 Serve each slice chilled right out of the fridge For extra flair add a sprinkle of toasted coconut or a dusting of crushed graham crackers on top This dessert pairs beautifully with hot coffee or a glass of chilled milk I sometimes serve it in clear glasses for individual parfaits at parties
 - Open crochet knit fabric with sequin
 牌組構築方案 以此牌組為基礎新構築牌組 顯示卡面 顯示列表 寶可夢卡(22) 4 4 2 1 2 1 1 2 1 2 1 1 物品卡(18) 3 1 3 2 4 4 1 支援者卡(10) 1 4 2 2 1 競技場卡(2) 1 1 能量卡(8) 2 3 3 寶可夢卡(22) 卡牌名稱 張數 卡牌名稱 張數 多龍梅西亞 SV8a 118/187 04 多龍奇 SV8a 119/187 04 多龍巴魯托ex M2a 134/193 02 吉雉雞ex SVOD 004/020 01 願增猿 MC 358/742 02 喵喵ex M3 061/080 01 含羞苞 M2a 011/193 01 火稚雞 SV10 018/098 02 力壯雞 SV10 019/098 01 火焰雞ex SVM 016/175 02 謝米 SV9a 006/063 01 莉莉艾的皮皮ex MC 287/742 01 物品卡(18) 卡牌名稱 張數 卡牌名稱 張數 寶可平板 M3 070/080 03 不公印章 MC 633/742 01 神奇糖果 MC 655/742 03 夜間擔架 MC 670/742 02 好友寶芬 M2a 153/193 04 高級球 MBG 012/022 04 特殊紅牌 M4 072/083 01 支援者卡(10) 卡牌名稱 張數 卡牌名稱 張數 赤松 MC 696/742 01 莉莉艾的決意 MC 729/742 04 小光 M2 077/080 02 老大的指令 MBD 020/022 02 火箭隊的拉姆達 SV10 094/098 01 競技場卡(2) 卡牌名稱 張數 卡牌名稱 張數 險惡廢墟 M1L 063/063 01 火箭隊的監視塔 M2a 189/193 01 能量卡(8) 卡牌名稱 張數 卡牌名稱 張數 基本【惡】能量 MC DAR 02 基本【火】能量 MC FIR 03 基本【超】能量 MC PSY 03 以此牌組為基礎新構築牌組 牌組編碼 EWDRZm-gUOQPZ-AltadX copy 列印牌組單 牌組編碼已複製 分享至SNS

> [PROBLEM TO SOLVE] Each line of the data above containing the string "with" is to be copied.

> [COMPLETED TASK]
 Serve each slice chilled right out of the fridge For extra flair add a sprinkle of toasted coconut or a dusting of crushed graham crackers on top This dessert pairs beautifully with hot coffee or a glass of chilled milk I sometimes serve it in clear glasses for individual parfaits at parties
 - Open crochet knit fabric with sequin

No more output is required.